▸ **What is needed**
From the first line to the last, repeat the data exactly and drop the pictures.
· · · · ·
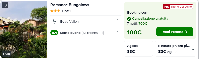 Durante la tua vacanza alle Seychelles potresti soggiornare presso l’ottimo Romance Bungalows! al costo di €83/notte per camera doppia!
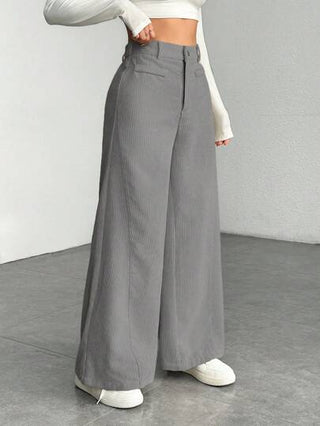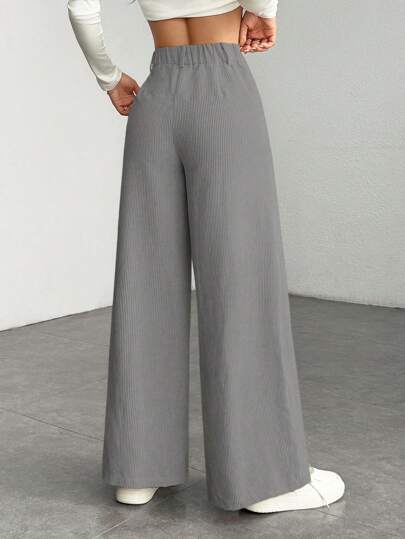 PETITE بنطال قياس عالي الخصر واسع الساق بلون قياسي متعدد الاستخدامات
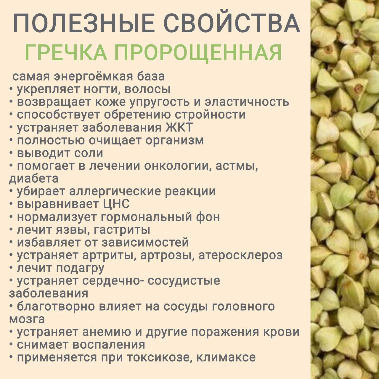 Гречка зелёная пророщенная молотая 100%
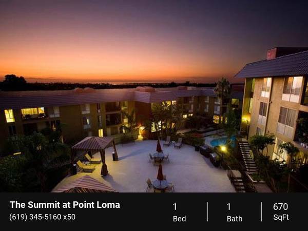 A truly unique apartment community situated on the bluffs overlooking beautiful, coastal Point Loma. Set in a prime location offering easy access to downtown San Diego, the airport, major shopping facilities, Mission Valley, beautiful beaches and military installations. The Summit at Point Loma offers its residents a rare level of luxury and convenience at our Point Loma San Diego apartments.
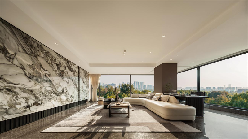 进门时的“女王玄关”,除了满满的仪式感,还巧妙遮挡了视线,保证了各个区域的私密性。270°视角的环幕端厅,视野空前阔绰,待客更大气!
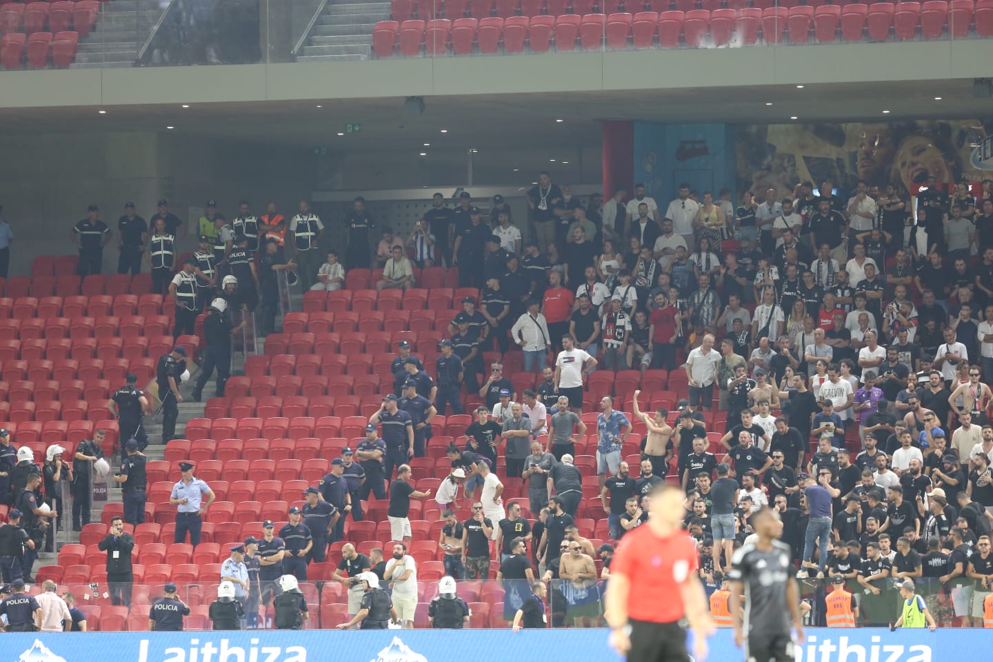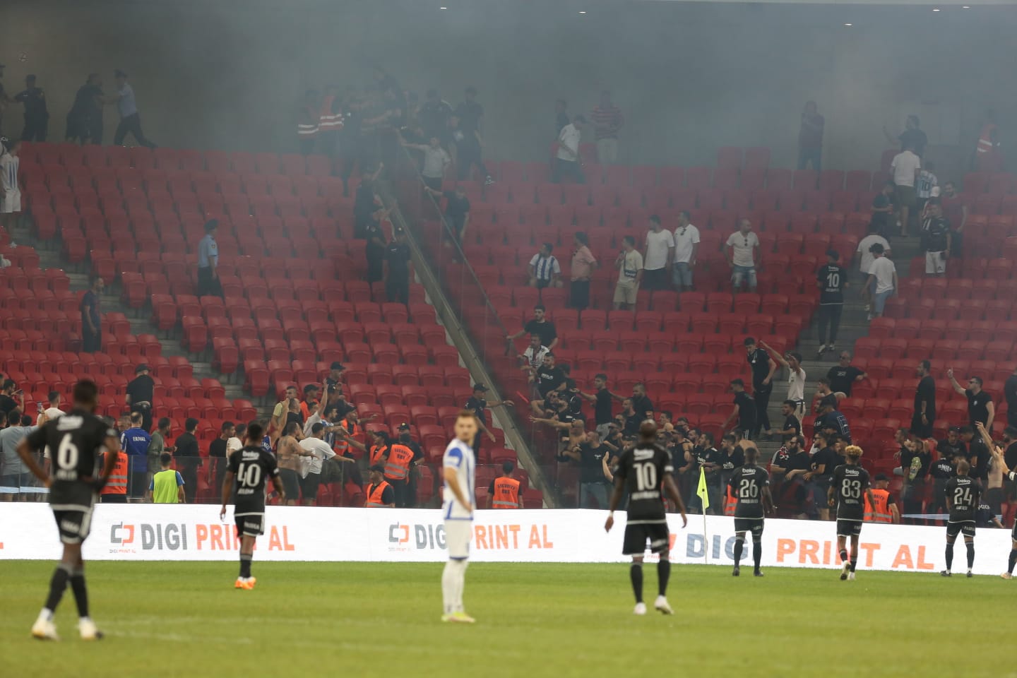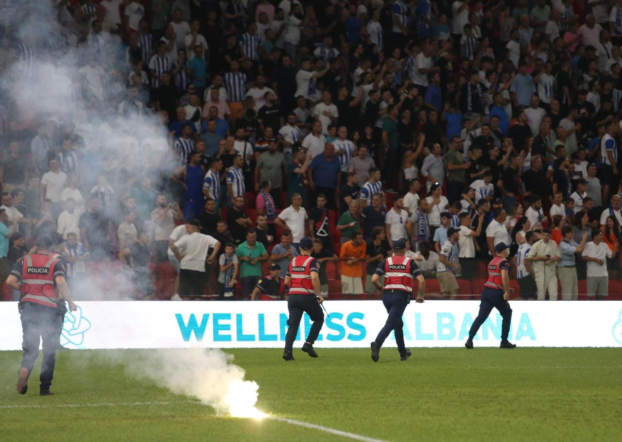 Forca të shumta policore ndërhynë dhe shtuan sigurinë në fushë, ndërsa arbitërit u detyruan të tërheqin për 15 minuta lojtarët.
· · · · ·
▸ **Result of the task**
 Durante la tua vacanza alle Seychelles potresti soggiornare presso l’ottimo Romance Bungalows! al costo di €83/notte per camera doppia!
 PETITE بنطال قياس عالي الخصر واسع الساق بلون قياسي متعدد الاستخدامات
 Гречка зелёная пророщенная молотая 100%
 A truly unique apartment community situated on the bluffs overlooking beautiful, coastal Point Loma. Set in a prime location offering easy access to downtown San Diego, the airport, major shopping facilities, Mission Valley, beautiful beaches and military installations. The Summit at Point Loma offers its residents a rare level of luxury and convenience at our Point Loma San Diego apartments.
 进门时的“女王玄关”,除了满满的仪式感,还巧妙遮挡了视线,保证了各个区域的私密性。270°视角的环幕端厅,视野空前阔绰,待客更大气!
 Forca të shumta policore ndërhynë dhe shtuan sigurinë në fushë, ndërsa arbitërit u detyruan të tërheqin për 15 minuta lojtarët.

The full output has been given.